(Saved data entries)
*** Block opens ***
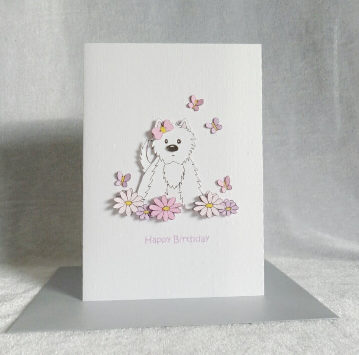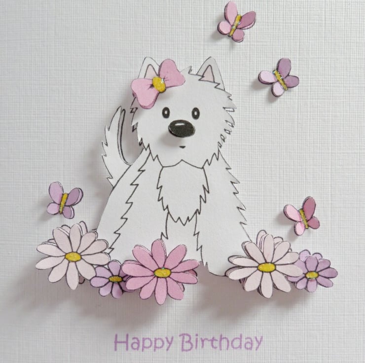 This cute Westie birthday card has been created using my own decoupage, designed from my own original artwork. The A6 card has been made using good quality linen embossed white card and comes with a silver coloured envelope. I have also added a little bit of glitter sparkle to finish the card off.
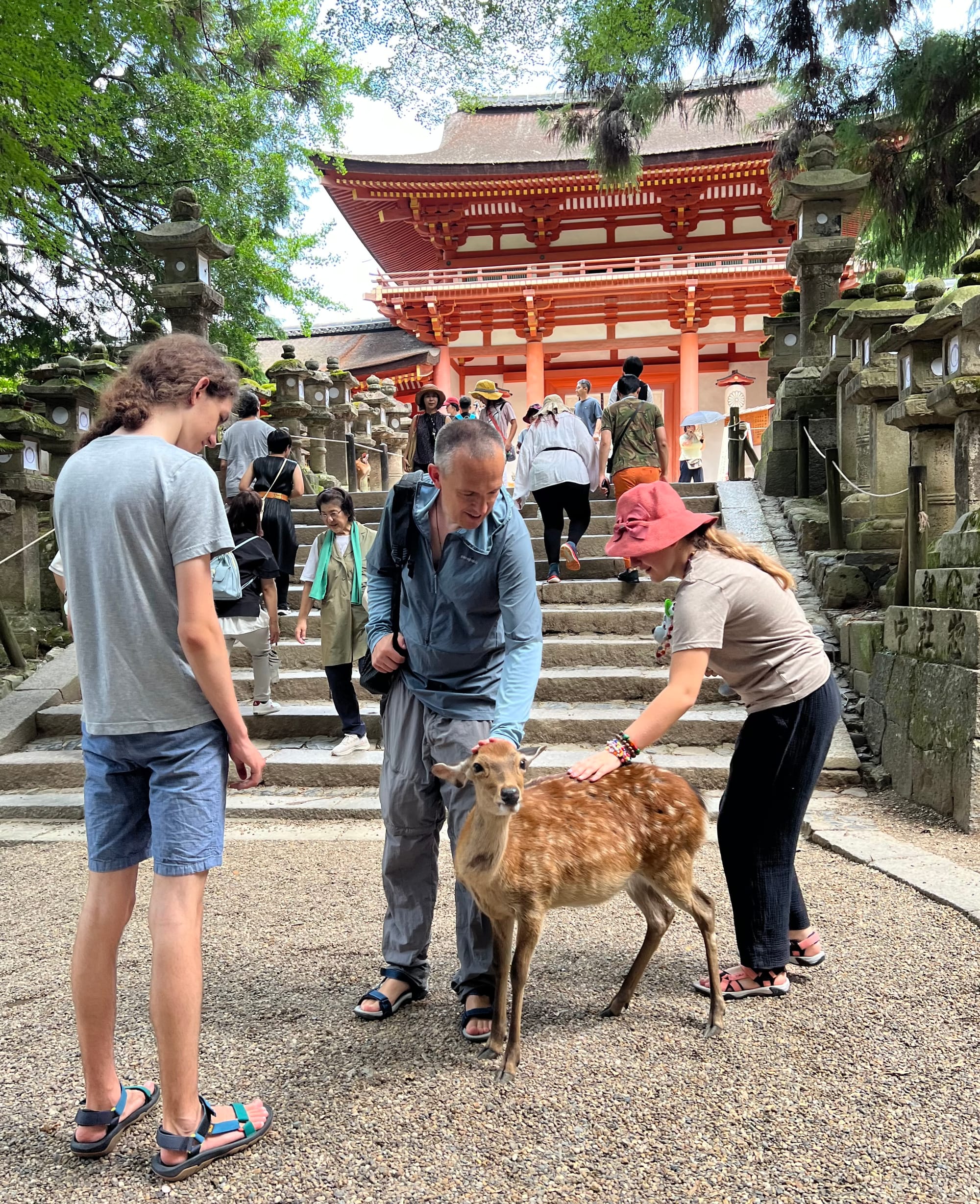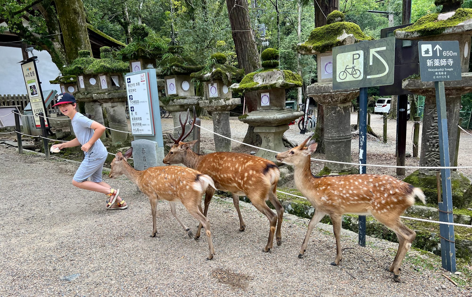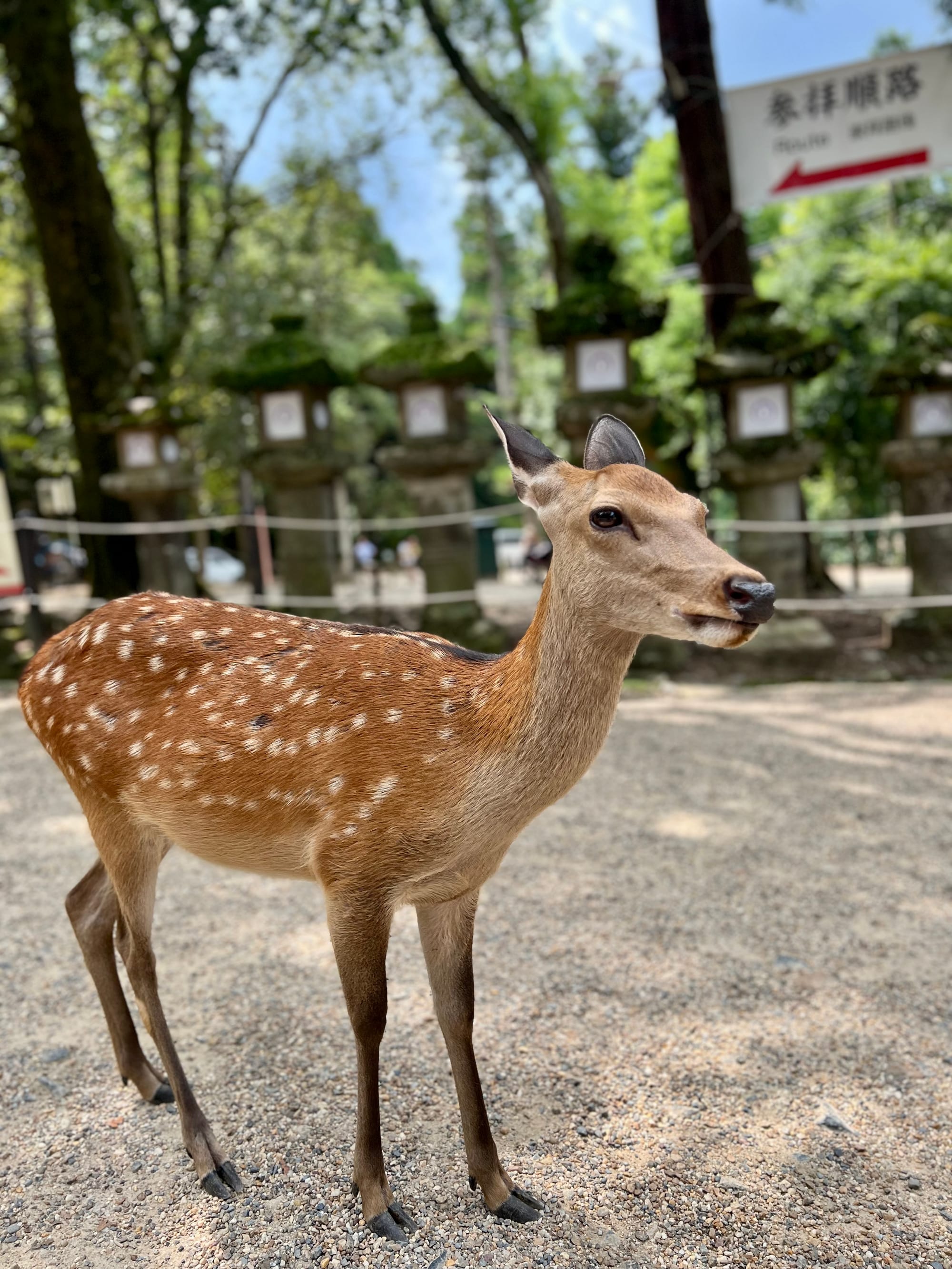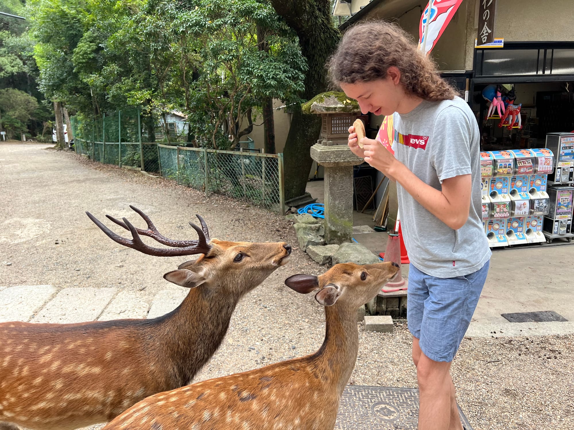 Jedziemy z Kyoto nad morze, trochę odpocząć od miast. Po drodze jest akurat miasto Nara i ma wiele wspaniałych zabytków, ale nas interesują sarenki 😀 W Nara jest ogromny park, tak duży, że idą przez niego ulice, jeżdżą autobusy i jest kiła świątyń. Myślałam, ze te sarenki tylko w jednym, wydzielonym miejscu są, a one sobie tak luzem łażą, same i w stadach po całym tym parku! Siedzą przy ulicach, przechodzą przez pasy.
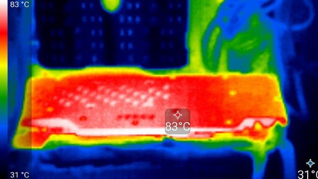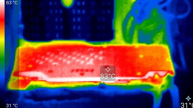 Максимальный нагрев 91 °С — на печатной плате в районе выреза в пластине с обратной стороны.
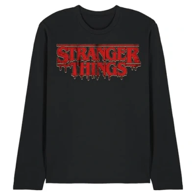 Stranger Things Retro Drippy Logo Unisex Long Sleeve T Shirt, Black, Large
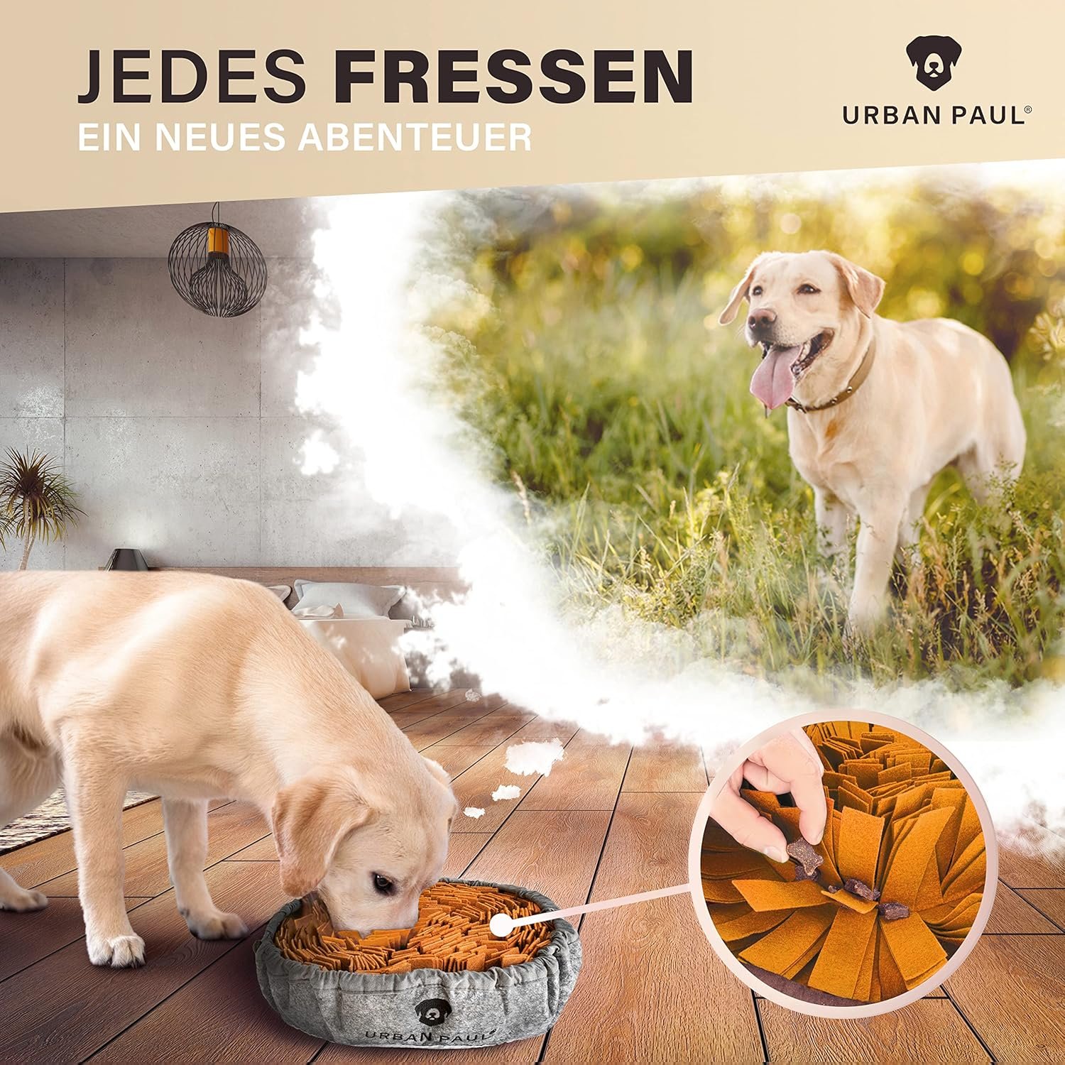 Natürliche Instinkte – Fördern Sie das Wohlbefinden Ihres Vierbeiners mit unserem hochwertigen Hundeschnüffelteppich und machen Sie es zu 100 % möglich. Die optimale Hundebeschäftigung für zu Hause.
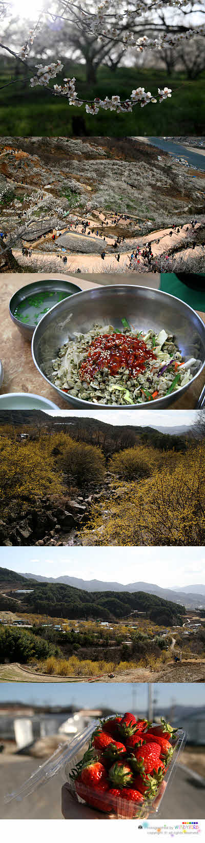 이곳저곳 여기저기서 사진 열심히 찍고 또 조은정가이드님이 사진도 찍어주시고... 여행자들에게 세심한 배려를 해주시니 정말 친절한 분이시라는걸 느낄 수 있었습니다. 만개한 매화마을을 뒤로하고 화개장터에 도착. 그리고 산수유마을 도착! 이렇게 하루동안 각기다른색의 꽃 군락과 함께할수 있는것은 행운인것 같습니다. ^_^ 거기다가 심심하지 말라고 마지막에는 딸기밭체험의 센스...! 너무나 여행지를 잘 엮은거 같습니다.
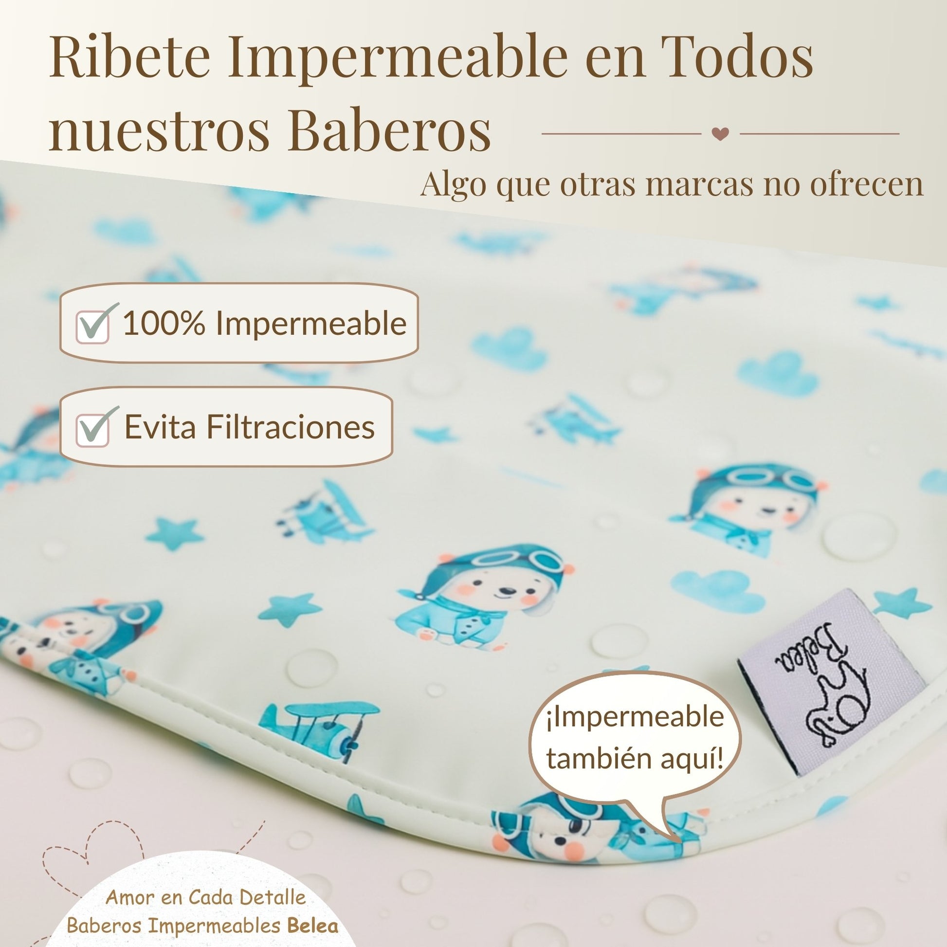 Nuestros Baberos Impermables están diseñados para adaptarse a cualquier momento del día. Ya sea durante las comidas en casa o al aire libre, o en actividades creativas, estos baberos mantienen la ropa de tu bebé impecable. Perfectos para el método BLW (Baby Led Weaning).La calidad del material garantiza la resistencia al uso diario sin deteriorarse.
*** Block closes ***
(ASSIGNMENT) Output exactly the lines from the line with "이곳저곳 여기저기서 사진" to the last line of the records, including both, and leave every picture out.

(RESPONSE)
 이곳저곳 여기저기서 사진 열심히 찍고 또 조은정가이드님이 사진도 찍어주시고... 여행자들에게 세심한 배려를 해주시니 정말 친절한 분이시라는걸 느낄 수 있었습니다. 만개한 매화마을을 뒤로하고 화개장터에 도착. 그리고 산수유마을 도착! 이렇게 하루동안 각기다른색의 꽃 군락과 함께할수 있는것은 행운인것 같습니다. ^_^ 거기다가 심심하지 말라고 마지막에는 딸기밭체험의 센스...! 너무나 여행지를 잘 엮은거 같습니다.
 Nuestros Baberos Impermables están diseñados para adaptarse a cualquier momento del día. Ya sea durante las comidas en casa o al aire libre, o en actividades creativas, estos baberos mantienen la ropa de tu bebé impecable. Perfectos para el método BLW (Baby Led Weaning).La calidad del material garantiza la resistencia al uso diario sin deteriorarse.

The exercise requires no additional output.